Table 2 Comparison of the glucose sensing performance of our modified CuNPs-LIG and other previously reported nonenzymatic electrochemical glucose electrodes

3.9 Flexibility and wettability of the electrode

The flexibility of the Cu NPs-LIG electrode was explored via examining the effect of bending angle and cycle on the electrode resistivity using a homemade test rig, Fig. 10a. As shown in Fig. 10b and c, the varying bending angle and cycle tests did not significantly affect the surface resistance of the electrode, leaving the electrode intact and referring to its robustness.

Fig. 10
figure 10

a Homemade bending device, b Resistivity change of the Cu NPs-LIG electrode with bending angle c Resistivity change of the Cu NPs-LIG electrode with bending cycle at angle 75°, and d Wettability of Cu NPs-LIG electrode with water

The traditional method for measuring a solid’s wettability is the contact angle (θ) between a solid surface and a liquid droplet [51]. The wettability of carbon materials, including carbon fibers, carbon black, and carbon nanotubes, which are often more hydrophobic than metals [52], is highly influenced by their structural makeup and the heterogeneous atoms that make up the carbon surface [53]. Due to the absence of high-energy flaws near their surface, graphene is more hydrophobic. In addition, LIG has been widely reported in literature as a hydrophobic material. Graphene with hydrophobic properties can reduce liquid deposition and prevent contamination during the fabrication of electronic devices, which in this case, will improve metal deposition from the electrolyte [54]. Investigations into the effect electrodeposited Cu NPs have on the wettability of LIG were initiated. As displayed in Fig. 10d, the hydrophobicity of LIG was unaffected, with a contact angle of 123 \(^\circ\) with the addition of Cu NPs. The hydrophobic nature of the electrode improves the deposition of the metal from the electrolyte unto the electrode.

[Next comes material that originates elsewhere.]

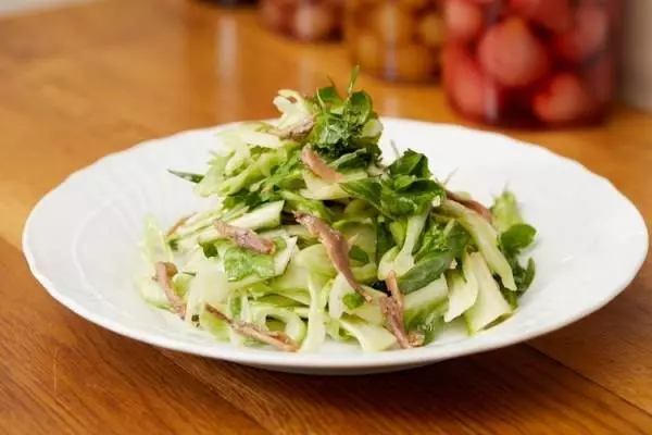 1,900円。独特の風味と苦みをもつローマの野菜「プンタレッラ」を使用したサラダ。プンタレッラ自体のかすかな苦味とアンチョビとの組み合わせもよい。

The Cu NPs-LIG sensor was examined for the life stability test, where the biosensor was stored in an ambient environment and tested against 1 mM glucose concentration every 7 days for 35 days with sensitivity plotted against the number of days in Fig. 11. The biosensor remained over 94% of the initial response, which first shows the repeatability of the electrode after several days of use and the durability of the electrode.

Fig. 11
figure 11

Life stability of the sensor over a 35 days period

4 Conclusion

This project illustrates the usage of engraved porous graphene (LIG) on a polyimide substrate and subsequent PCD of CuNPs of less than 29 nm in size for nonenzymatic glucose detection. The electrode can detect glucose in a linear range of 0.03–4.5 mM and LOD of 0.023 µM, which agrees favorably with literature reports. The high selectivity and sensitivity of the electrode, 2665 µA/mM/cm2, gives it great potential for sensing low glucose concentration in saliva. The saliva glucose measurements taken with our modified electrode were evidently in very close agreement, about 97%, with the saliva glucose measurements obtained from their corresponding blood glucose measurements. This shows the strong ability of our electrode to sense and measure glucose in a biological sample accurately.